There is something weirdly out of whack, almost otherworldly, about Obama’s approach to nuclear proliferation. As the Wall Street Journal editors point out:
If diplomatic activity equalled disarmament results, President Obama would soon be delivering a nuclear-free world.
On Tuesday, his Administration released its Nuclear Posture Review, setting new limits on the potential U.S. use of nuclear weapons. Today, the President is in Prague to sign an arms-control treaty with Russia, called New Start, which will reduce the U.S. arsenal by 30%. Next week, he’ll host a 47-nation summit on nuclear security in Washington. And next month it’s on to the U.N. conference on the Nuclear Nonproliferation Treaty, or NPT.

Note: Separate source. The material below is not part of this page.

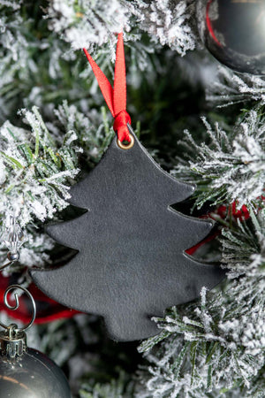 This chunky and cheerful Christmas tree is sure to bring a smile to young and old alike. Made of bridle leather and fully finished with a smooth, rich cut, this beautiful Christmas tree cut out feels wonderful in the hand and will look handsome on any tree. Strung with a bright red ribbon for easy hanging.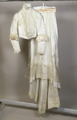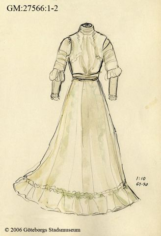 Rynkad kjol fäst vid midjan, knäppt bak. Kjolen släpande bak. Volang nedtill.

But, of course, all of this is happening at the very moment when Obama’s own Iran policy has run aground, and the mullahs are edging closer toward acquiring their own nuclear weapons, which will render the NPT obsolete and, indeed, ludicrous. We’ve seen that the NPT has done nothing to deter North Korea or Iran, nor to slow down Syria. (The Israeli air force did the latter.) Yet Obama persists in a Leftist Cold War paradigm — that the weapons, themselves, not the despotic regimes that might use them, are the real threat. And he seems to earnestly believe that we’ll set an example — the inherent rightness of which will melt the hearts of the those who seek nuclear weapons as a means of solidifying their domestic rule and achieving international respect.
Obama’s speech in Prague last year was upstaged by a North Korean missile blast — the perfect metaphor for his foolishness. He talks; the despots shoot rockets. He signs agreements with other democracies; the rogue states build reactors. If you don’t feel safer you are not alone.